* About this task *
Repeat every line of the data exactly; no picture belongs in the copy.
* * * * *
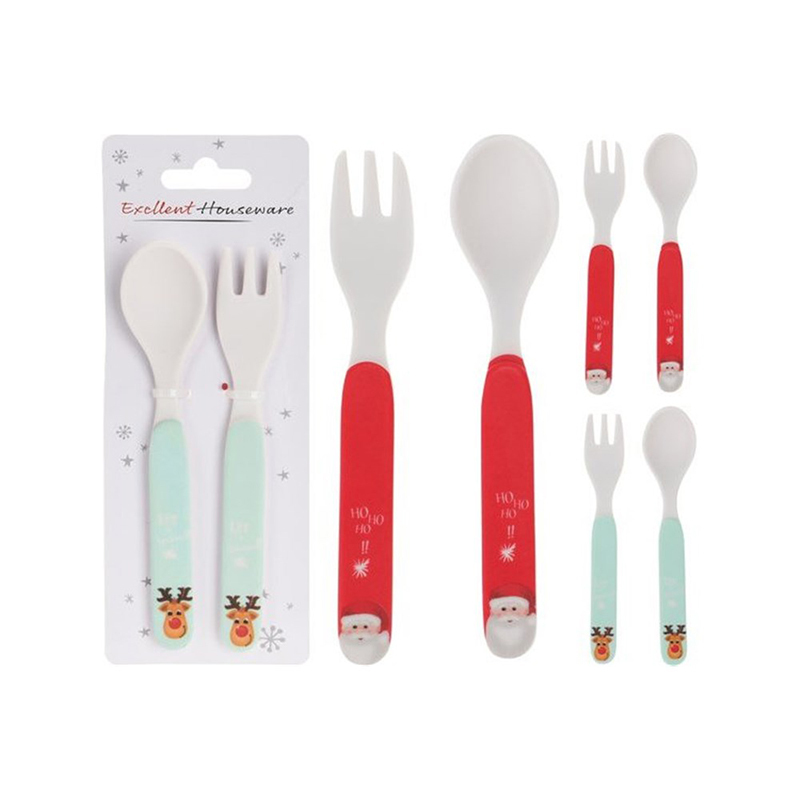 A 4 piece melamine childs dinner plate, bowl, cup, and 2 pc cutlery set.
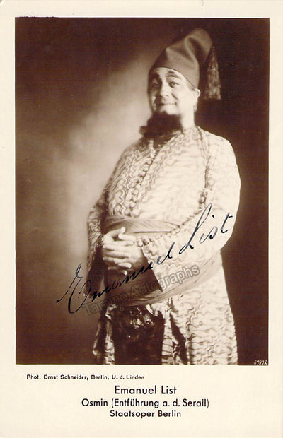 Signed postcard photograph, shown as Osmin in Mozart's Die Entfuhrung aus dem Serail, one of his most important roles. Photo by Ernst Schneider, Berlin. Size is 3.5 x 5.5 inches, in excellent condition.
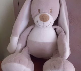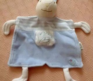 doudou plat lapin blanc et bleu ciel en velours gratte marque bestever tres bon etat envoi rapide ref 428
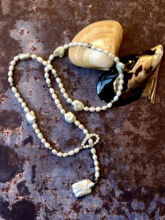 Lariat necklaces do not have a clasp. The gems, pearls, beads or chain form a long rope which can either be tied or else pulled through a circular finding thus giving different options of lengths.
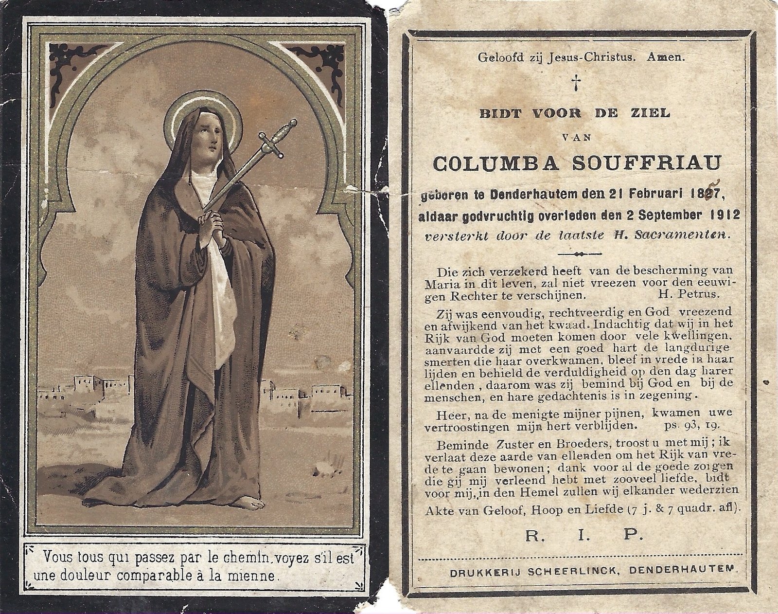 | Souffriau Columba | Denderhoutem | 21/02/1857 | Denderhoutem | 02/09/1912 | |
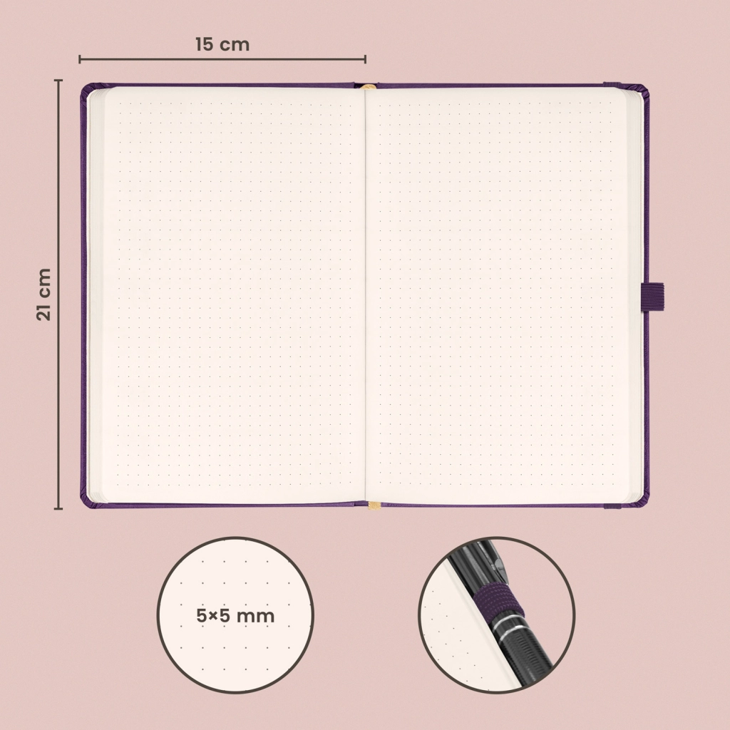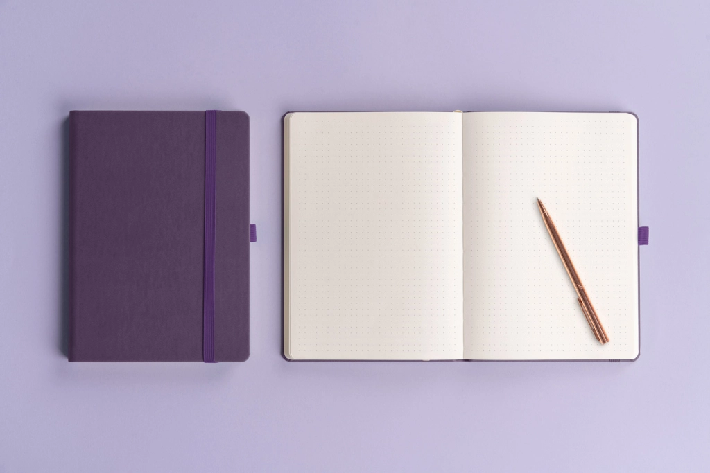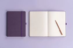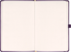 Stilīga punktēta piezīmju grāmata NOTIQUE Aprint Neo violetā krāsā apvieno klasiku un eleganci. Tai ir maigi teksturēta virsma, uz kuras viegli var iespiest uzņēmuma logotipu, un praktisks formāts 15 × 21 cm ikdienas rakstīšanai, plānošanai un skicēšanai.
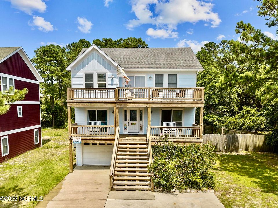 Beautifully maintained home nestled in a quiet cul-de-sac, just minutes from the beach, shops, restaurants, nature trails and so much more of what the Outer Banks has to offer. Make this your permanent residence, an investment or a second home. Designed for entertaining, this home offers both east and west facing multi-level decks. Soak in the sun on the upper levels or opt for the shade on the covered decks below. The fully fenced-in backyard is a quiet retreat featuring an in-ground saltwater pool, a deck for dining, a relaxing fire-pit area and direct access to a lower level entertainment/game room. On the mid-level you will find a bedroom with an ensuite bath, two secondary bedrooms, a Jack and Jill bath and a nice-sized laundry room with a mud sink. The upper level features an open concept design with a spacious kitchen, recently updated stainless steel appliances, large breakfast bar with plenty of seating, a dining area, a great room with built-ins, gas fireplace, vaulted ceiling and access to both upper level sun decks. A primary bedroom suite is conveniently located on this level as well. Home was recently equipped with indoor and outdoor coastal style furnishings & decor and is sold fully furnished. Don't let this one slip away!
* * * * *
* Response box *
 A 4 piece melamine childs dinner plate, bowl, cup, and 2 pc cutlery set.
 Signed postcard photograph, shown as Osmin in Mozart's Die Entfuhrung aus dem Serail, one of his most important roles. Photo by Ernst Schneider, Berlin. Size is 3.5 x 5.5 inches, in excellent condition.
 doudou plat lapin blanc et bleu ciel en velours gratte marque bestever tres bon etat envoi rapide ref 428
 Lariat necklaces do not have a clasp. The gems, pearls, beads or chain form a long rope which can either be tied or else pulled through a circular finding thus giving different options of lengths.
 | Souffriau Columba | Denderhoutem | 21/02/1857 | Denderhoutem | 02/09/1912 | |
 Stilīga punktēta piezīmju grāmata NOTIQUE Aprint Neo violetā krāsā apvieno klasiku un eleganci. Tai ir maigi teksturēta virsma, uz kuras viegli var iespiest uzņēmuma logotipu, un praktisks formāts 15 × 21 cm ikdienas rakstīšanai, plānošanai un skicēšanai.
 Beautifully maintained home nestled in a quiet cul-de-sac, just minutes from the beach, shops, restaurants, nature trails and so much more of what the Outer Banks has to offer. Make this your permanent residence, an investment or a second home. Designed for entertaining, this home offers both east and west facing multi-level decks. Soak in the sun on the upper levels or opt for the shade on the covered decks below. The fully fenced-in backyard is a quiet retreat featuring an in-ground saltwater pool, a deck for dining, a relaxing fire-pit area and direct access to a lower level entertainment/game room. On the mid-level you will find a bedroom with an ensuite bath, two secondary bedrooms, a Jack and Jill bath and a nice-sized laundry room with a mud sink. The upper level features an open concept design with a spacious kitchen, recently updated stainless steel appliances, large breakfast bar with plenty of seating, a dining area, a great room with built-ins, gas fireplace, vaulted ceiling and access to both upper level sun decks. A primary bedroom suite is conveniently located on this level as well. Home was recently equipped with indoor and outdoor coastal style furnishings & decor and is sold fully furnished. Don't let this one slip away!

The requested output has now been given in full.